Saat di komfirmasi Wanita NJ membantah hal tersebut, dengan mengatakan mereka bukan cuma berdua tapi mereka berenam.
Ia menjelaskan kalau ia hanya dipanggil untuk ikut kumpul dan bukan dia yang buka sewa kamar tapi temannya yang berinisial WW
“Itu WW yang buka kamar, lalu napanggil temanku dibilang WD yang orangnya agak lekong-lekong. Kemudian itu WW telponka bilang di mana ki, sini ki di wisma kumpul sama anak-anak,” jelasnya, Jumat (07/04/2023)
Dia mengaku, saat itu Ia berada di pasar Ramadan untuk membeli bekal untuk buka puasa, namun WW tetap memanggil agar bisa hadir kumpul di wisma.
“Kan itu wisma di dekat kantorku. Jadi saya ke lokasi mi bawa juga itu takjilku dengan mukenah,” ucapnya
Selanjutnya NJ mengatakan, setelah kumpul berlima salah satu temannya inisial WA kemudian menelfon SU (34) jadi kata Dia sudah ada empat orang temannya di kamar tersebut sebelumnya.

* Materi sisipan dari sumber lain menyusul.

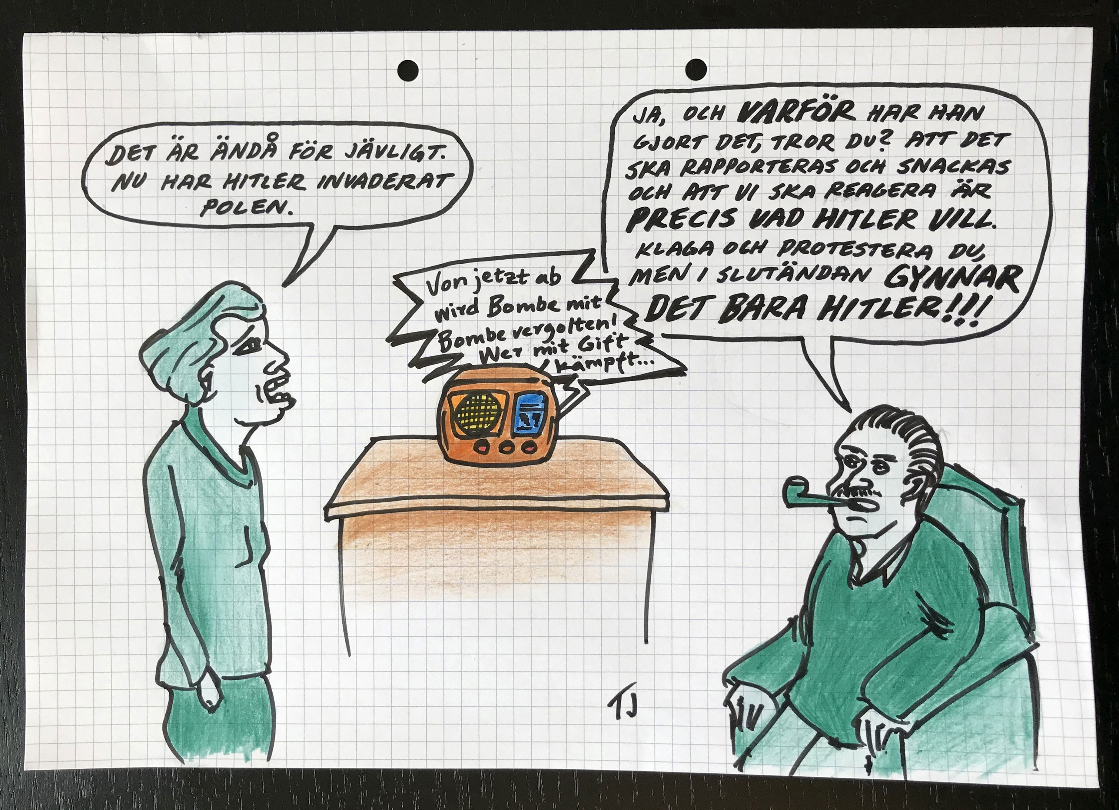 ”Det gynnar bara Hitler”. Illustration: Toivo Jokkala
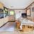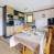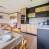 Cucina in muratura con 4 piastre, frigorifero, cappa, forno e lavastoviglie, tostapane, bollitore e macchina da caffè.
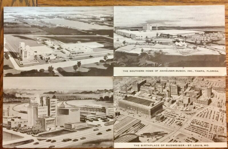 Title (ebay affiliate link): 4 Anheuser Busch Postcards/artist rendering: Tampa, LA, St. Louis, Newark
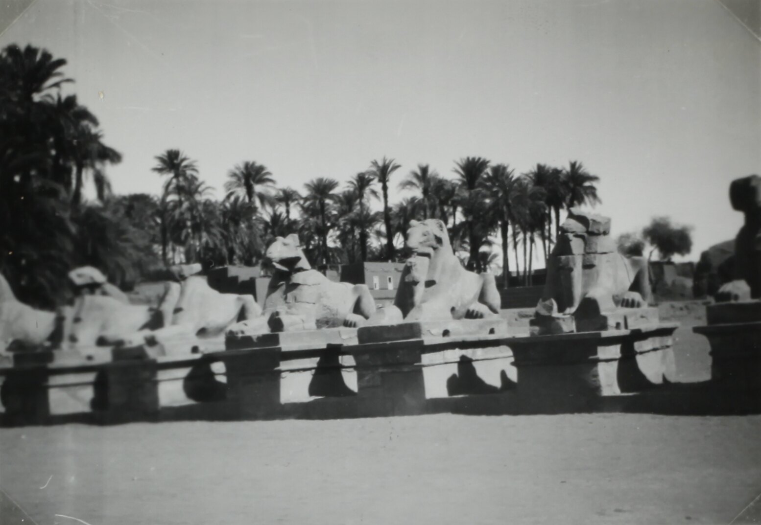 Entrance to the Karnak Temple, showing an avenue of ram-headed sphinxes with palm trees in the background.
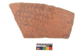 | Description / विवरण | Specimen of potsherd with decorative geometric painting. Type Black on Red Ware . |
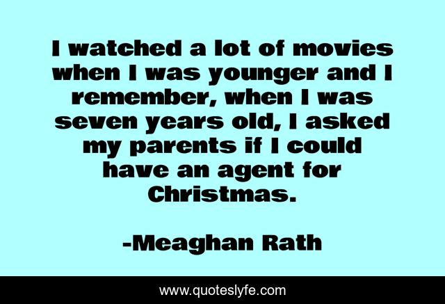 This page presents the quote "I watched a lot of movies when I was younger and I remember, when I was seven years old, I asked my parents if I could have an agent for Christmas.". Author of this quote is Meaghan Rath. This quote is about movies, parents, remember,.
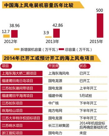 而最近又有消息称,2014年开工的海上风电项目或达到156.6万千瓦,是过去数年累计安装量的三倍,2015年及之后开工的项目更将达到355万千瓦。
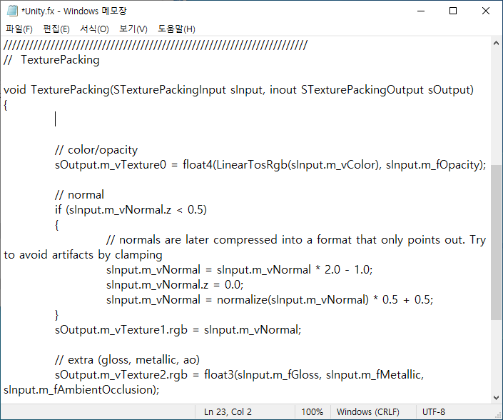 11)unity.fx(유니티) 또는 UE4.fx(언리얼) 파일을 메모장에서 열기한다.

“Di lokasi sudah ada 4 orang, baru saya datang dan itu Kak SU. Pas mau tarawih, yang lain mau mi pulang, dan pulang satu per satu,” katanya
Masi kata Dia, saat itu beberapa temannya pulang tidak secara bersamaan tapi satu persatu dan Ia juga sementara bersiap untuk pulang
“Pas mau saya pakai jilbab ada mengetuk pintu. Saya pun bergegas untuk buka pintu, ternyata langsung ada semua itu tim di depan kamar.” ungkapnya
Pada saat berada di posko terpadu, Dia juga menyampaikan sedetil mungkin di sana soal pertemuannya dengan temannya dan tidak ada kejadian apapun.
” Intinya tidak ada terjadi apa-apa di dalam kamar. Sumpah demi Allah, dan sumpah atas nama kedua orang tuaku,” tuturnya.
Sementara Junaedi Selaku perwira jaga pada saat itu mengatakan, saat dilakukan pemeriksaan keduanya kooperatif dan pengakuannya mereka memang kumpul dengan beberapa temannya
Dalam pengakuannya dua orang itu memang awalnya banyak temannya lalu pulang semua mi pas tim datang,” kata Junaedi
Selanjutnya Kabid Binmas Ini menegaskan, pihaknya juga telah menerima garansi dari kedua keluarga dan mereka juga tidak keberatan.
“Ada perwakilan dari pihak keluarga yang menjamin kedua pelanggar, setelah diberikan pembinaan dan tidak ada yang merasa keberatan dari kedua pihak keluarga. Maka mereka dipersilakan pulang setelah menandatangani surat pernyataan,” jelasnya.